Yao H, Sadoshima S, Shiokawa O, Fujii K, Fujishima M
Stroke. 1987 May-Jun;18(3):629-33. doi: 10.1161/01.str.18.3.629.
The influences of acute cerebral ischemia on renal hemodynamics were examined in spontaneously hypertensive rats in which cerebral ischemia was induced by bilateral carotid artery occlusion. Renal and cerebral blood flow were measured with a hydrogen clearance technique. Either phenoxybenzamine (0.5 mg/kg body wt) or propranolol (2 mg/kg) was given i.v. immediately after ischemia was induced to examine the drugs' effects on cerebral and renal hemodynamics. One hour after ischemia, cerebral blood flow was markedly reduced to 5, 3, and almost 0% of the preischemic value in the untreated, phenoxybenzamine-treated, and propranolol-treated rats, respectively. In contrast, renal blood flow at that time was decreased to 65, 88, and 67%, respectively. The calculated renal vascular resistance was similarly increased to 151% in the untreated and 136% in the propranolol-treated rats, but decreased to 82% in the phenoxybenzamine-treated rats. The present results indicate that in acute cerebral ischemia renal blood flow was considerably decreased with concomitant increased renal vascular resistance, and that such reduction in renal blood flow was minimized by alpha-adrenergic blockade but not by beta-blockade. It is concluded that activation of the alpha-adrenergic system in acute cerebral ischemia causes renal vasoconstriction.

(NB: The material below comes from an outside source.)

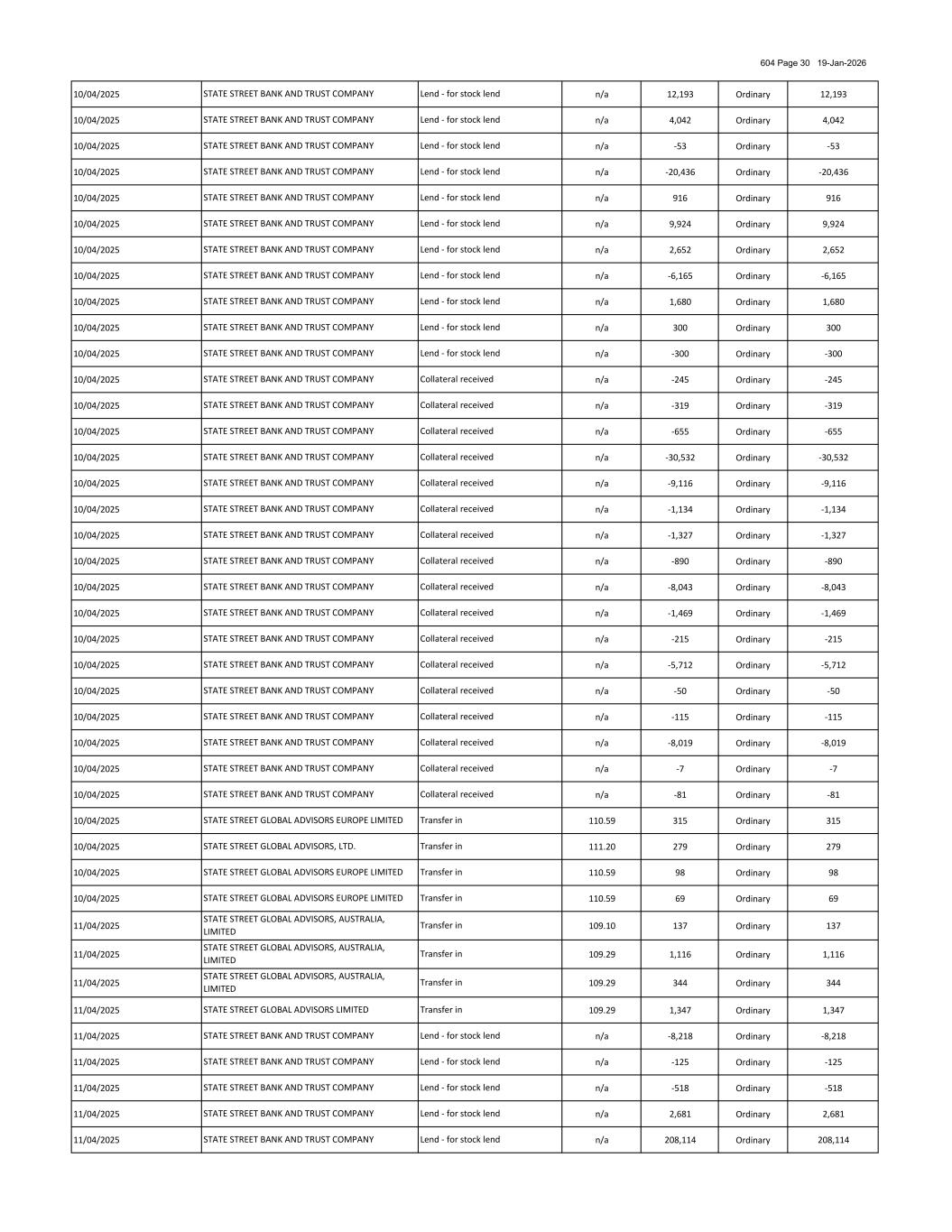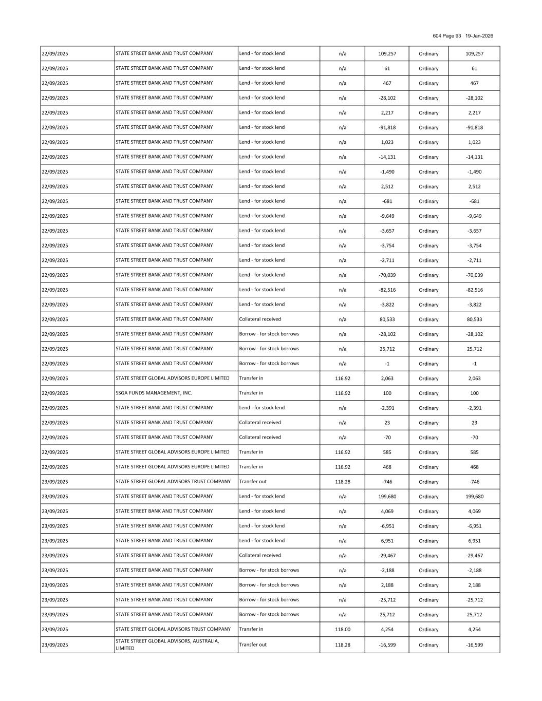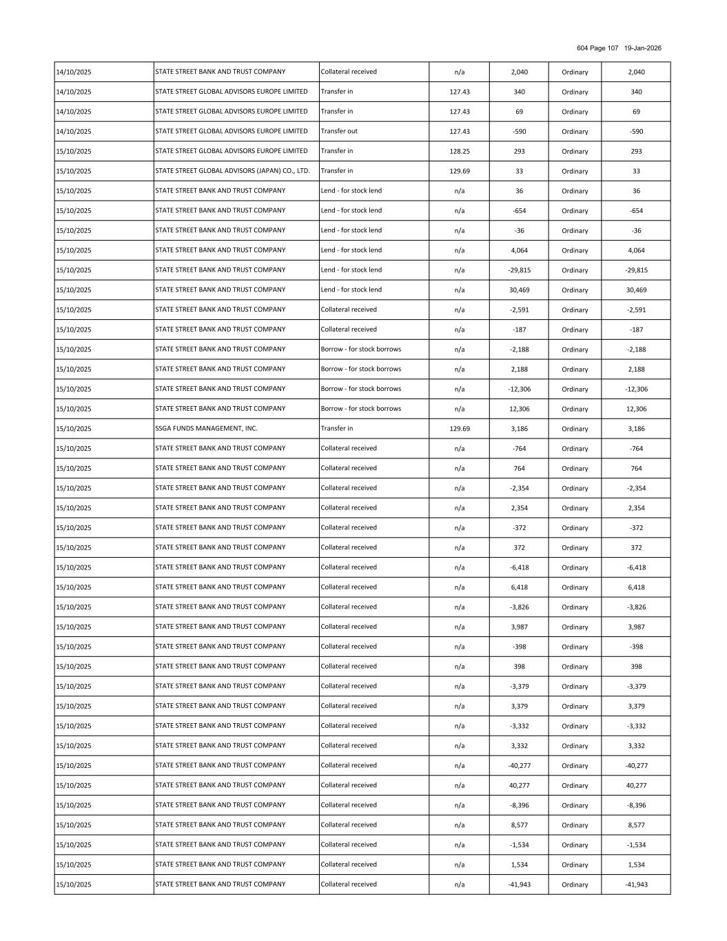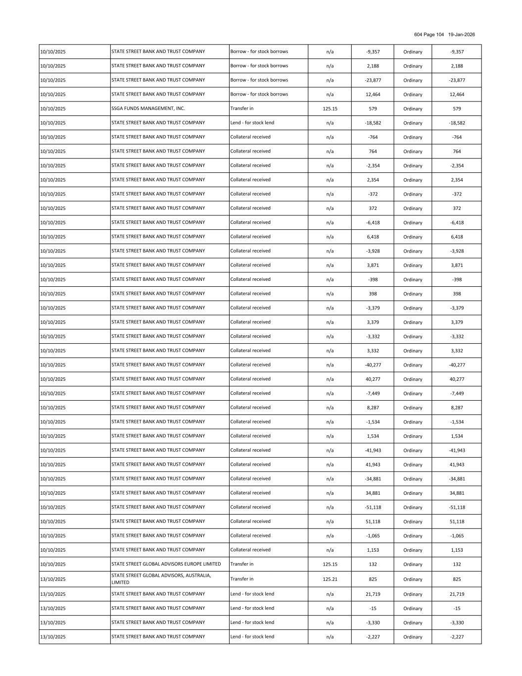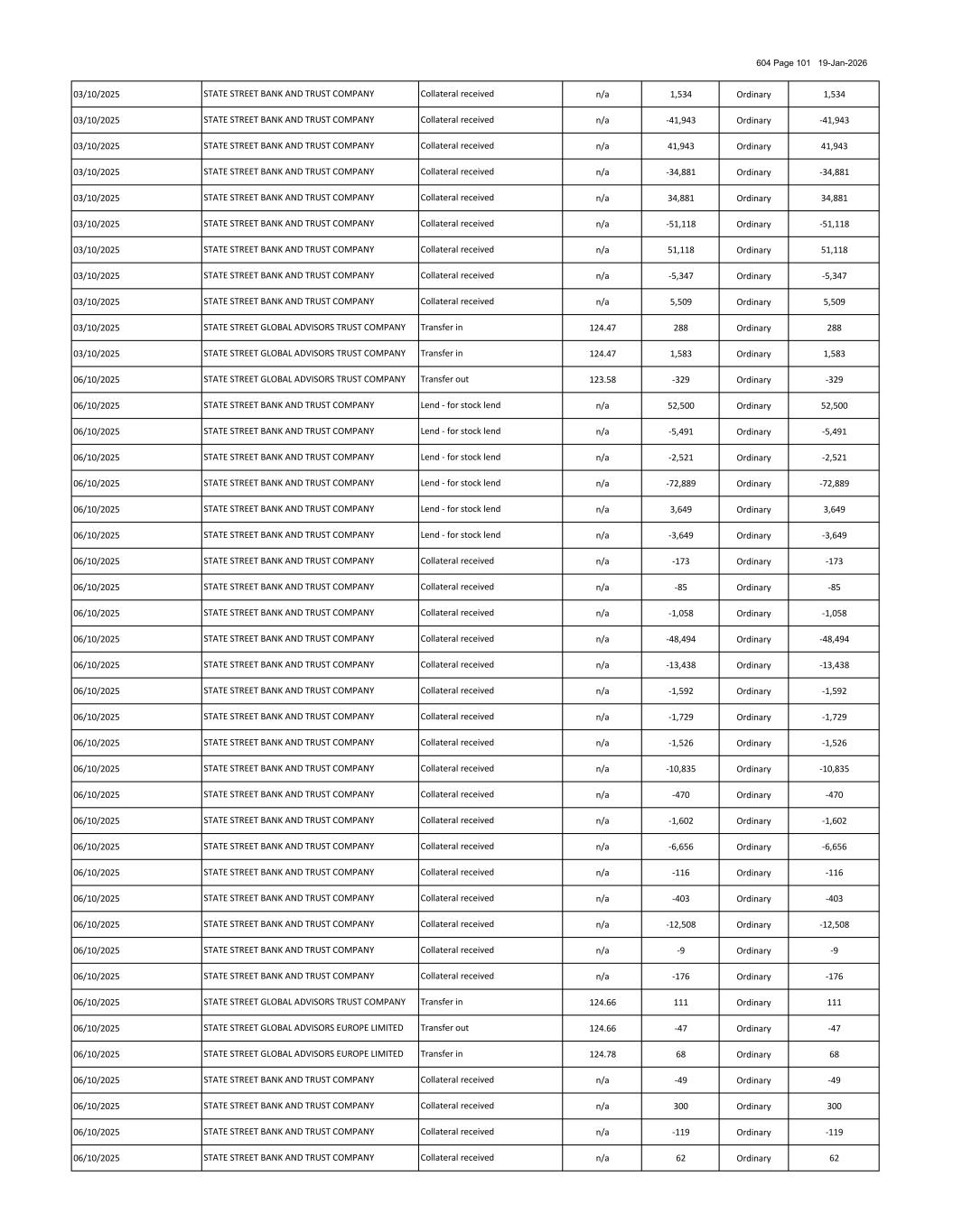 604 Page 100 19-Jan-2026 03/10/2025 n/a 173 Ordinary 173 03/10/2025 n/a 85 Ordinary 85 03/10/2025 n/a 1,058 Ordinary 1,058 03/10/2025 n/a 48,494 Ordinary 48,494 03/10/2025 n/a 13,438 Ordinary 13,438 03/10/2025 n/a 1,592 Ordinary 1,592 03/10/2025 n/a 1,729 Ordinary 1,729 03/10/2025 n/a 1,526 Ordinary 1,526 03/10/2025 n/a 10,835 Ordinary 10,835 03/10/2025 n/a 470 Ordinary 470 03/10/2025 n/a 1,602 Ordinary 1,602 03/10/2025 n/a 6,656 Ordinary 6,656 03/10/2025 n/a 116 Ordinary 116 03/10/2025 n/a 403 Ordinary 403 03/10/2025 n/a 12,508 Ordinary 12,508 03/10/2025 n/a 9 Ordinary 9 03/10/2025 n/a 176 Ordinary 176 03/10/2025 n/a -9,357 Ordinary -9,357 03/10/2025 n/a 9,357 Ordinary 9,357 03/10/2025 n/a -23,877 Ordinary -23,877 03/10/2025 n/a 23,877 Ordinary 23,877 03/10/2025 n/a -764 Ordinary -764 03/10/2025 n/a 764 Ordinary 764 03/10/2025 n/a -2,354 Ordinary -2,354 03/10/2025 n/a 2,354 Ordinary 2,354 03/10/2025 n/a -378 Ordinary -378 03/10/2025 n/a 378 Ordinary 378 03/10/2025 n/a -6,418 Ordinary -6,418 03/10/2025 n/a 6,418 Ordinary 6,418 03/10/2025 n/a -3,839 Ordinary -3,839 03/10/2025 n/a 4,060 Ordinary 4,060 03/10/2025 n/a -98 Ordinary -98 03/10/2025 n/a 98 Ordinary 98 03/10/2025 n/a -3,379 Ordinary -3,379 03/10/2025 n/a 3,379 Ordinary 3,379 03/10/2025 n/a -3,332 Ordinary -3,332 03/10/2025 n/a 3,332 Ordinary 3,332 03/10/2025 n/a -40,277 Ordinary -40,277 03/10/2025 n/a 40,277 Ordinary 40,277 03/10/2025 n/a -7,980 Ordinary -7,980 03/10/2025 n/a 7,844 Ordinary 7,844 03/10/2025 n/a -1,534 Ordinary -1,534 STATE STREET BANK AND TRUST COMPANY STATE STREET BANK AND TRUST COMPANY Collateral received Collateral received Collateral received Collateral received Collateral received STATE STREET BANK AND TRUST COMPANY STATE STREET BANK AND TRUST COMPANY Collateral received Collateral received Collateral received Collateral received Collateral received STATE STREET BANK AND TRUST COMPANY STATE STREET BANK AND TRUST COMPANY STATE STREET BANK AND TRUST COMPANY STATE STREET BANK AND TRUST COMPANY Collateral received Collateral received STATE STREET BANK AND TRUST COMPANY STATE STREET BANK AND TRUST COMPANY STATE STREET BANK AND TRUST COMPANY STATE STREET BANK AND TRUST COMPANY Collateral received STATE STREET BANK AND TRUST COMPANY Collateral received Collateral received STATE STREET BANK AND TRUST COMPANY STATE STREET BANK AND TRUST COMPANY Collateral received Collateral received Collateral received Collateral received Collateral received STATE STREET BANK AND TRUST COMPANY Collateral received Collateral received STATE STREET BANK AND TRUST COMPANY Collateral received STATE STREET BANK AND TRUST COMPANY STATE STREET BANK AND TRUST COMPANY Collateral received STATE STREET BANK AND TRUST COMPANY STATE STREET BANK AND TRUST COMPANY Collateral received STATE STREET BANK AND TRUST COMPANY STATE STREET BANK AND TRUST COMPANY STATE STREET BANK AND TRUST COMPANY Borrow - for stock borrows Collateral received STATE STREET BANK AND TRUST COMPANY STATE STREET BANK AND TRUST COMPANY STATE STREET BANK AND TRUST COMPANY Collateral received STATE STREET BANK AND TRUST COMPANY STATE STREET BANK AND TRUST COMPANY Collateral received STATE STREET BANK AND TRUST COMPANY Collateral received Collateral received Collateral received Collateral received Borrow - for stock borrows STATE STREET BANK AND TRUST COMPANY Collateral received STATE STREET BANK AND TRUST COMPANY STATE STREET BANK AND TRUST COMPANY STATE STREET BANK AND TRUST COMPANY Collateral received Borrow - for stock borrows STATE STREET BANK AND TRUST COMPANY Collateral received STATE STREET BANK AND TRUST COMPANY Borrow - for stock borrows STATE STREET BANK AND TRUST COMPANY STATE STREET BANK AND TRUST COMPANY STATE STREET BANK AND TRUST COMPANY Collateral received STATE STREET BANK AND TRUST COMPANY STATE STREET BANK AND TRUST COMPANY STATE STREET BANK AND TRUST COMPANY Collateral received Collateral received

在自发性高血压大鼠中,通过双侧颈动脉闭塞诱导脑缺血,研究急性脑缺血对肾血流动力学的影响。用氢清除技术测量肾和脑血流量。在诱导缺血后立即静脉注射苯氧苄胺(0.5mg/kg体重)或普萘洛尔(2mg/kg),以检查药物对脑和肾血流动力学的影响。缺血1小时后,未治疗组、苯氧苄胺治疗组和普萘洛尔治疗组的脑血流量分别显著降低至缺血前值的5%、3%和几乎0%。相比之下,此时肾血流量分别降至65%、88%和67%。计算得出的肾血管阻力在未治疗组中同样增加至151%,在普萘洛尔治疗组中增加至136%,但在苯氧苄胺治疗组中降至82%。目前的结果表明,在急性脑缺血时,肾血流量显著减少,同时肾血管阻力增加,并且这种肾血流量的减少通过α-肾上腺素能阻滞而不是β-阻滞剂最小化。得出的结论是,急性脑缺血时α-肾上腺素能系统的激活导致肾血管收缩。